Der Tod ist Teil des Lebens – 
das Sprechen über Vergänglichkeit.

Vanitas vanitatum et omnia vanitas. Dieser bekannte Sinnspruch, nach dem biblischen Prediger Salomon, kann übersetzt werden mit „Eitelkeit der Eitelkeiten und alles ist eitel, bloßer Schein“.

Gemeint ist, vergeblich mit unserer eigenen Endlichkeit umzugehen: Versuchen wir gegen die Vergänglichkeit anzugehen, sie „festzuhalten“, endet das stets in leerem Schein. Die „Vanitas“ als jüdisch-christliche Vorstellung der Vergänglichkeit allen Irdischen multipliziert sich kulturgeschichtlich durch alle historischen Epochen und ist Bestandteil vieler philosophischer Überlegungen und künstlerischen Auseinandersetzungen. Die verschiedenen Darstellungen gehen weit über religiöse Begriffe hinaus: Auch die spätmittelalterliche, heute noch sehr bekannte, Darstellung, nämlich der „Totentanz“, entspringt dieser Vanitas-Tradition. Kaum wo wird die Macht des Todes, auch über das Leben, so erzählerisch, spielerisch und doch düster, bildlich veranschaulicht, wie in Totentanz-Gemälden.

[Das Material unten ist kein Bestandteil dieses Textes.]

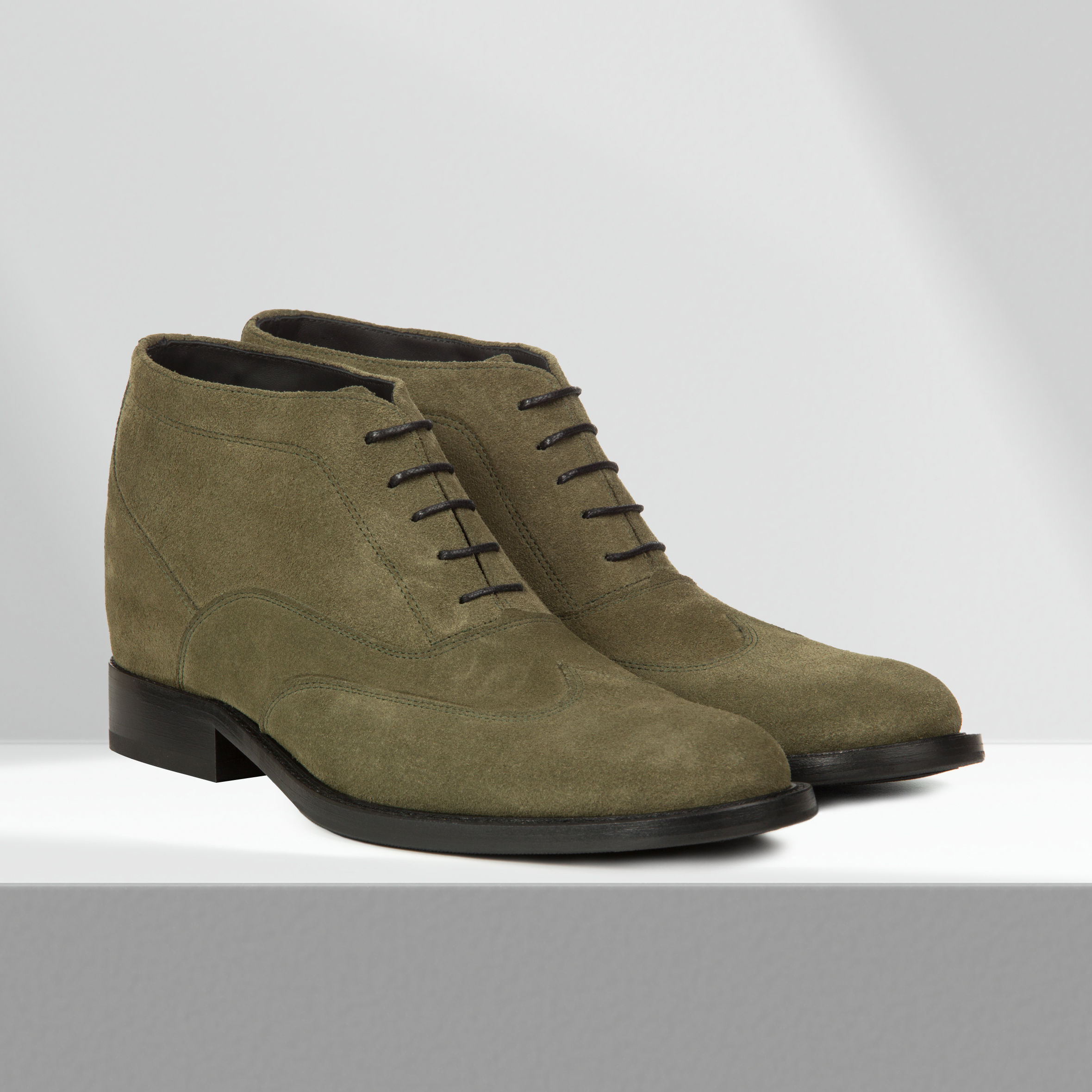 A pair of Mayfair combines Italian craftsmanship and exclusive design, perfect for those who want a touch of casual elegance. The green suede calfskin upper lends personality and sophistication to these men’s winter ankle boots, while the soft kid leather lining ensures optimal comfort. The sole, upper and insole, which are joined and stitched at sight, testify to the attention to detail, with a real leather heel and non-slip rubber insert adding functionality. In addition, the internal rise, customisable between 2,4, 2,7 or 3.1 inches, allows you to gain height with discretion.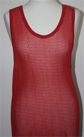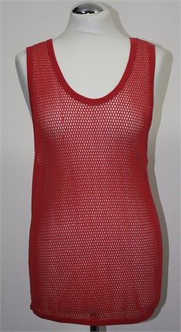 Rupičasta majica bez rukava crvene boje. Širi otvori oko rukava, oversized model. Lagana i rastezljiva.
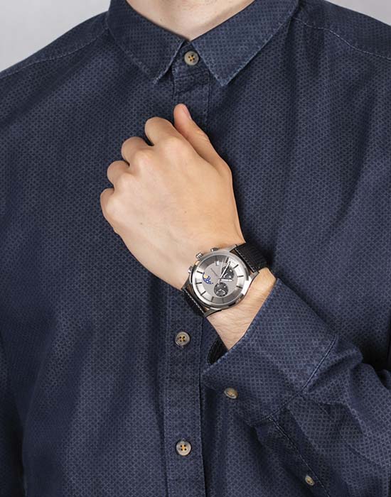 Корпус из нержавеющей стали — самый практичный вариант для часов на каждый день. Материал прочный, спокойно переносит воду, пот, перепады температуры и при этом долго сохраняет аккуратный внешний вид.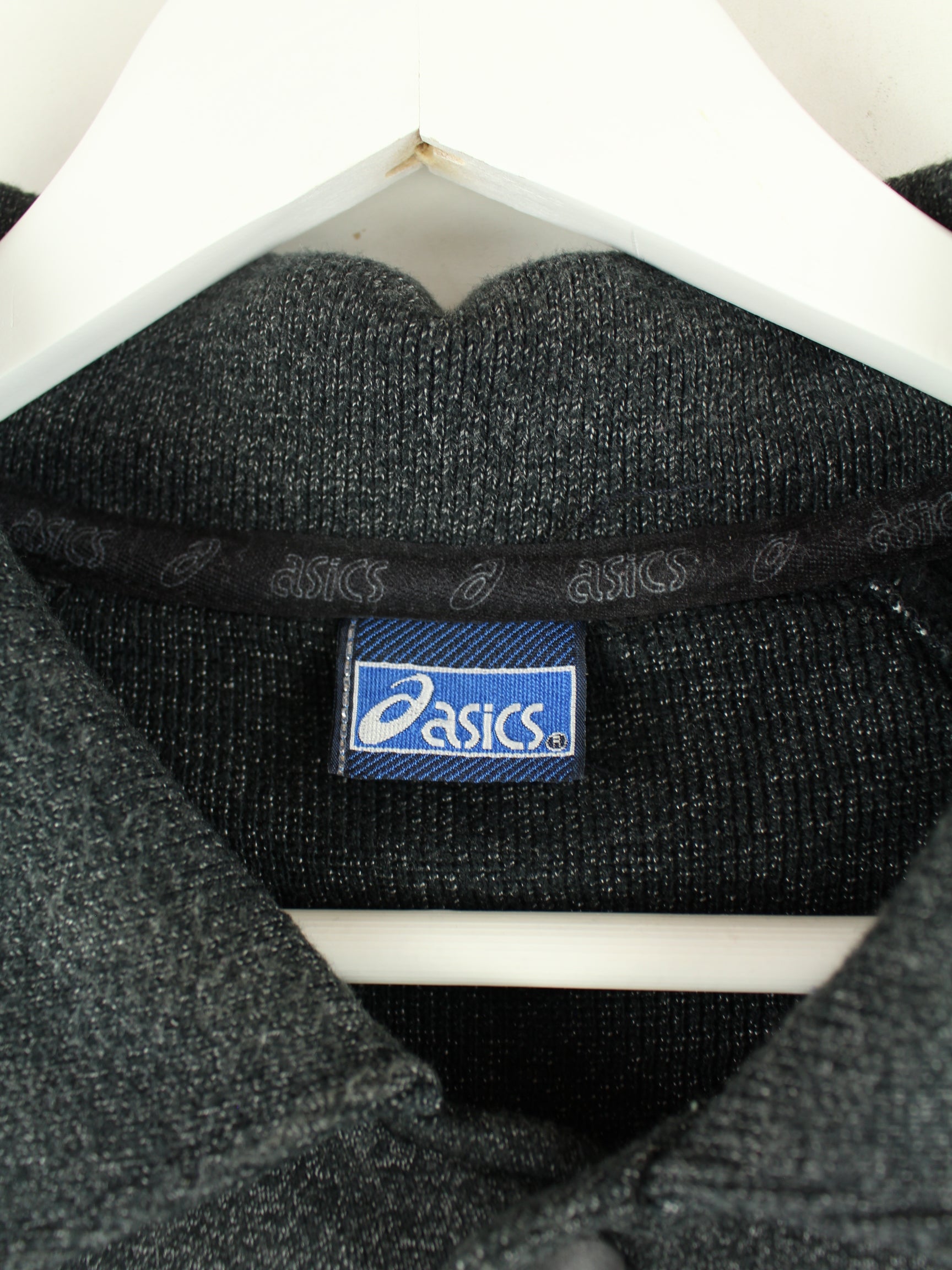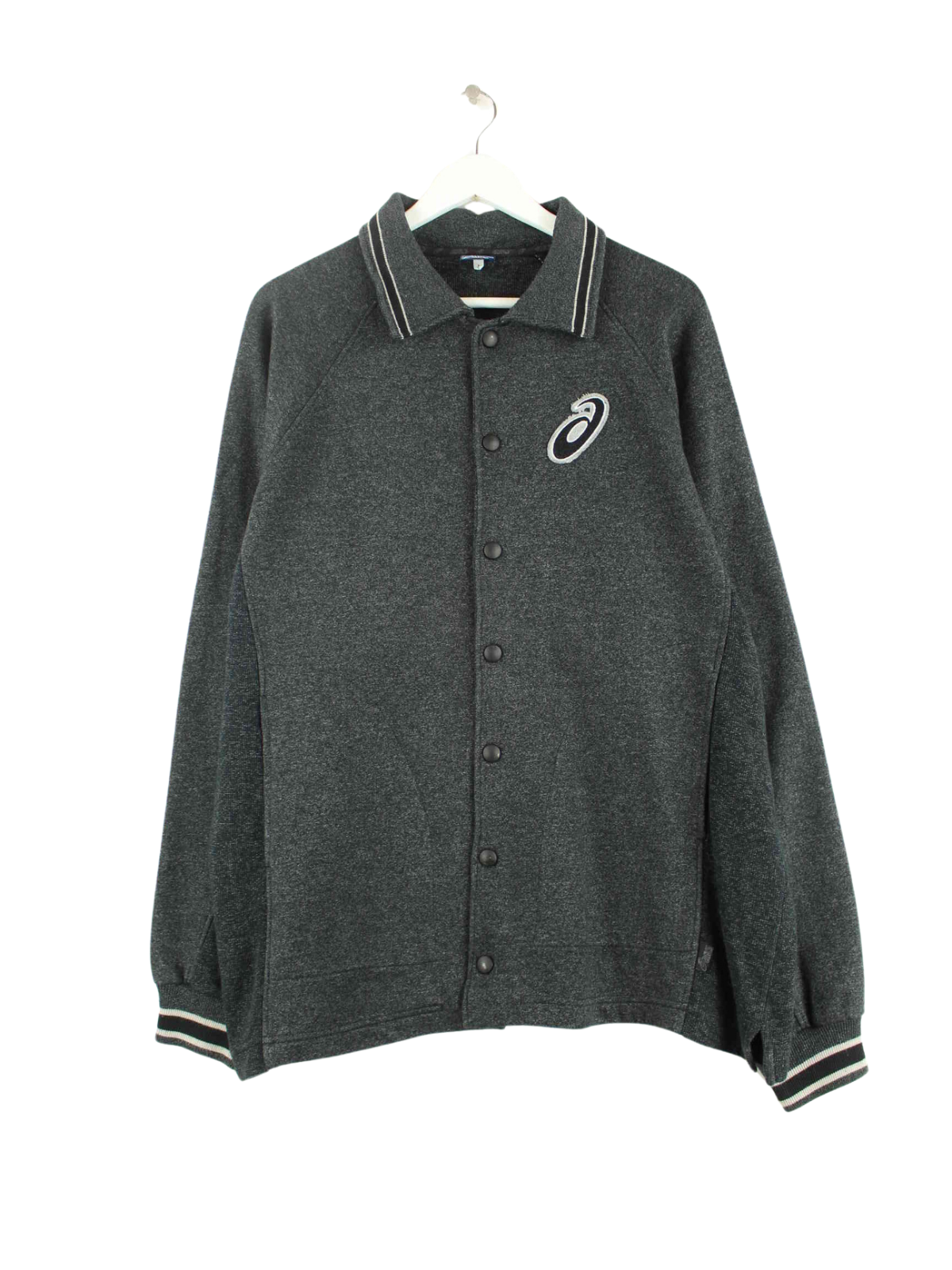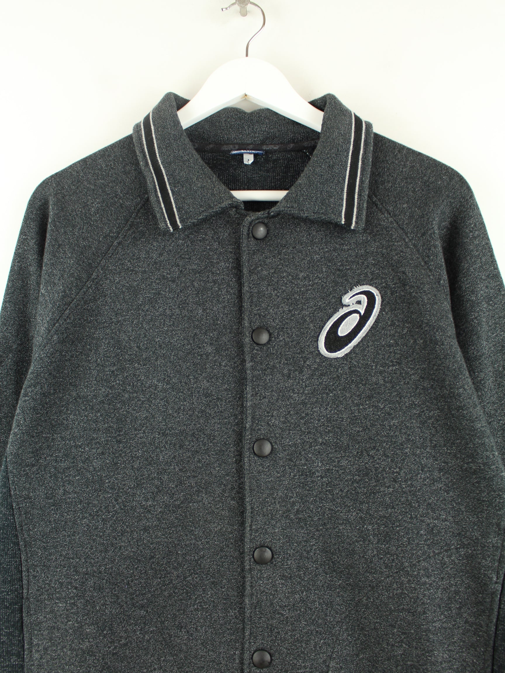 Sweatjacke des Labels Asics mit Stickereien in Größe L aus den 90'ern. Sie ist aus einer Baumwollmischung gefertigt und in Grau vorrätig.

Die Auseinandersetzung mit der eigenen Vergänglichkeit ist also etwas, das uns Menschen schon immer begleitet. Das Wissen um unsere Endlichkeit und die Reflexion darüber scheint sogar integraler Teil des Mensch-Seins selbst zu sein. Trotzdem wird gerade in der jüngeren Vergangenheit die konkrete Auseinandersetzung mit Krankheit, Sterben, Tod und Trauer gemieden, weggeschoben oder sogar tabuisiert. Oft wird eine Beschäftigung damit erst dann „zwangsweise“ akut, wenn es eine:n Angehörige:n (durch einen Trauerfall), oder einen selbst (durch eine Diagnose), betrifft.

Dieser Tendenz des Schweigens möchten wir mit dem neuen Magazin „VERGÄNGLICH“ entgegenwirken: Wir geben den Themen Krankheit und Pflege, Sterben und Tod, sowie Bestattung und Trauerarbeit umfassend Raum.

In „VERGÄNGLICH“ wird stets respektvoll, aber immer offen, über die Prozesse des Sterbens, dessen medizinische, psychologische und persönliche Begleitung, sowie die Organisationsaufgaben und Wahlmöglichkeiten bei Bestattungen berichtet. Zudem wird auch Platz geschaffen für die Betrachtung von historischer und aktueller Trauer- und Sepulkralkultur, ob in kunst- und kulturhistorischen Werken oder durch persönliche, emotionale Erlebnisse.

Der Tod ist Teil des Lebens, das Sterben ein individueller Prozess und das Sprechen darüber kann (wieder) in unser Alltags- und Lebenskultur verwurzelt werden.

In diesem Sinne: Memento mori, Carpe diem.